*** Block opens ***
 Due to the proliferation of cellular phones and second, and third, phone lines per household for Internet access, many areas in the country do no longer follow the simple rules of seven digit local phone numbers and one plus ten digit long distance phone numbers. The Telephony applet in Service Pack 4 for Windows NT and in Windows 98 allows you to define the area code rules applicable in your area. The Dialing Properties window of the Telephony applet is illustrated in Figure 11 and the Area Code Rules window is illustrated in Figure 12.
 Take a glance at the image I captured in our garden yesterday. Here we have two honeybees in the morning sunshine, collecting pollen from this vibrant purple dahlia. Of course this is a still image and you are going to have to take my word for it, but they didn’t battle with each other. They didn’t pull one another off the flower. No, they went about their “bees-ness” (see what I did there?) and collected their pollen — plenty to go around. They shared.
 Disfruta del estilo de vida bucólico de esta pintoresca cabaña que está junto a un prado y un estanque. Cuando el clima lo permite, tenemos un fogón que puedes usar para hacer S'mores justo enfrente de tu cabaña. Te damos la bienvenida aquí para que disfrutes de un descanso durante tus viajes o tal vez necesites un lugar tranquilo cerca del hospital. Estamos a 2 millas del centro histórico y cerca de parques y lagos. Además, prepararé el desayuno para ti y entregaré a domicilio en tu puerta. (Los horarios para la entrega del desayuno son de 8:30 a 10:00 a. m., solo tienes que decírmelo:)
*** Block closes ***
*** Block opens ***
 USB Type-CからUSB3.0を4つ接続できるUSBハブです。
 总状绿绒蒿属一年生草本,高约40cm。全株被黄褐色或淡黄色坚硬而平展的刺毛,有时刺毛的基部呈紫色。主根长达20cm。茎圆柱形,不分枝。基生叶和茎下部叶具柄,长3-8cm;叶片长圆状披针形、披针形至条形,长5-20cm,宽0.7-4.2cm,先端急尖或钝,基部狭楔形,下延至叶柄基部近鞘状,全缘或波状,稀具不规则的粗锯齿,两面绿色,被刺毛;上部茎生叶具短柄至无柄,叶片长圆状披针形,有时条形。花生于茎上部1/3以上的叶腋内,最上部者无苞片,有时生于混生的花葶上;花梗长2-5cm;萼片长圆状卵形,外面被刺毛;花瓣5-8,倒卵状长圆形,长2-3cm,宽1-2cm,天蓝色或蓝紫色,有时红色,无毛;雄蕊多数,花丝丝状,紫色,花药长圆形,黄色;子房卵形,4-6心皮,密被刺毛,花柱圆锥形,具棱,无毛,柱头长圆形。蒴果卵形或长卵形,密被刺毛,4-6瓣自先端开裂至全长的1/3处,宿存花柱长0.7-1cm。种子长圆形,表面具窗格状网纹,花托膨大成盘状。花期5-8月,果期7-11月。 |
*** Block closes ***
## Brief:
Extract from the listing above the lines between the line containing "Due to the proliferation" and the line containing "Take a glance", keeping both of those lines. Output nothing else.

## Final answer:
 Due to the proliferation of cellular phones and second, and third, phone lines per household for Internet access, many areas in the country do no longer follow the simple rules of seven digit local phone numbers and one plus ten digit long distance phone numbers. The Telephony applet in Service Pack 4 for Windows NT and in Windows 98 allows you to define the area code rules applicable in your area. The Dialing Properties window of the Telephony applet is illustrated in Figure 11 and the Area Code Rules window is illustrated in Figure 12.
 Take a glance at the image I captured in our garden yesterday. Here we have two honeybees in the morning sunshine, collecting pollen from this vibrant purple dahlia. Of course this is a still image and you are going to have to take my word for it, but they didn’t battle with each other. They didn’t pull one another off the flower. No, they went about their “bees-ness” (see what I did there?) and collected their pollen — plenty to go around. They shared.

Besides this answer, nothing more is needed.